In order to verify that the significant exposure-related dynamics to the first response following second syllable onset was not driven by earlier effects or merely related to single-syllable processing per se, we repeated the analysis on the responses established to the initial and final syllables, with baseline corrections set to 50 ms intervals before each syllable similarly to the main analysis (see Supplementary Information). If the significant increase found for the lexically critical response was related to processing of the specific syllable ‘ta’, similar increase should be discovered for each syllable of the word-form. This, however, was not the case. Responses to the initial or final syllable did not show any effects indicating response changes to exposure (see Supplementary Information). P1 response was generally larger in amplitude in the control than dyslexic group, akin to findings in a previous child study using speech stimuli[50]. Furthermore, there was a main effect of sub-block, by which the first sub-blocks were smaller in amplitude than the second sub-blocks. Since such effect occurred across the two blocks, irrespective of the accumulation of exposure from the first half (or block) to the second, this pattern cannot be considered an indication of change due to increasing exposure. While the P1 result verified that our main finding of neural learning was not established for this early obligatory response to a sound stimulus, the analysis of the response to the final syllable with a baseline correction set prior to the syllable onset validated that such enhancement was not present for the consecutive syllables in general. Indeed, it seems the response increase was selectively related to the disambiguation time point that was critical for the identification of the unfolding speech stimulus to be a novel word, i.e. a word-like item that had not previously had a long-term memory trace in the neural lexicon.

Source dynamics

Significant exposure-related dynamics at sensor level were followed up by a distributed source analysis of the underlying cortical generators. For the sensor-level increase within the first block in controls, paired one-tail t-tests with α < 0.025 indicated corresponding source activation enhancement in bilateral frontal cortices (Fig. 2b). More specifically, the sources were localised in the left inferior frontal gyrus (MNI coordinates x = −43, y = 25, z = 23), bilateral precentral gyrus (-24, -8, -72 and 43, -11, 49), bilateral postcentral gyrus (-17, -27, 64 and 60, -15, 42), right middle frontal gyrus (46, 7, 42 and 36, 34, 39) as well as right superior frontal gyrus (23, 32, 47). No significant increase in source activations was observed in the dyslexic group. Supplementary Fig. S3 shows the original source activations in the first and second sub-blocks of the first block in both groups.

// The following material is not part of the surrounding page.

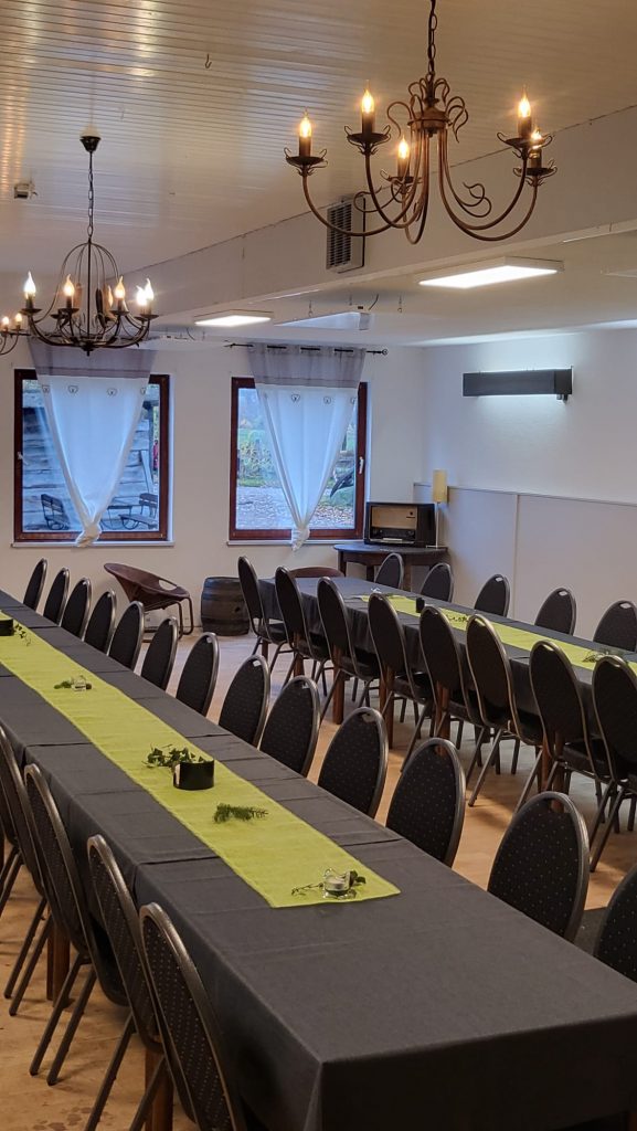 Sucht Ihr den idealen Ort für Ihre nächste Familienfeier, ein Jubiläum oder ein gemütliches Beisammensein? Unser campingeigener Saal bietet Platz für ca. 50 Personen und den passenden Rahmen für Deine Veranstaltung.

Associations of reading and writing skills with learning-related neural dynamics

To examine whether the learning-related neural dynamics occurring during the first 6 minutes of exposure was associated with literacy skills, we correlated the standard scores of Reading fluency and Writing accuracy across and within groups with the early ERP response increase (Fig. 4). Pearson’s correlation showed that when groups were combined, there was a significant correlation with Reading fluency (r = −0.321, p = 0.043), indicating larger response increase with increasing reading fluency. This was not significant when groups were correlated separately (r < −0.24, p > 0.3). On the contrary, Writing accuracy correlated with the neural response change such that only within the control group stronger response increase was associated with better writing (r = −0.667, p = 0.001). Writing accuracy showed no significant correlation in the dyslexics (r = 0.364, p = 0.114) nor across groups (r = −0.135, p = 0.407). Univariate ANOVA with the response change as the dependent variable showed a significant interaction of Group × Writing accuracy (F(1, 36) = 11.49 p = 0.002) which verified that the correlation coefficients between the groups differed significantly.

Figure 4

The relationship between literacy scores and the neural response change. With merged groups (squares representing controls and circles dyslexics), larger negative-going response increase was associated with better reading fluency (r = −0.321, p = 0.043). Similar association was found with writing accuracy, but only in the control group (r = −0.667, p = 0.001). Note that some subjects in the dyslexic group, who had been previously diagnosed with dyslexia, had established compensatory strategies in reading, performing in the normative average range. In the literacy measures, normative standard scores are presented. Asterisks indicate coefficient significance, *p < 0.05, ***≤0.001.

Discussion

We neurophysiologically assessed online changes in neural dynamics elicited by a novel word-form in matched groups of dyslexic and normal-reading control children during passive perceptual exposure. The control children demonstrated a significant increase in the early neural response at 65 ms after the word divergence point, that is, when sound input allowed for lexical disambiguation. This response enhancement occurred remarkably fast within the first 6 minutes of repetitive exposure to the novel word. This finding aligns with previous results of robust neural response enhancement reflecting automatic cortical memory-trace build-up of novel word-forms (confirmed behaviourally) in adults and children[28-31]. Here, however, we showed that such response enhancement was absent in the dyslexic children.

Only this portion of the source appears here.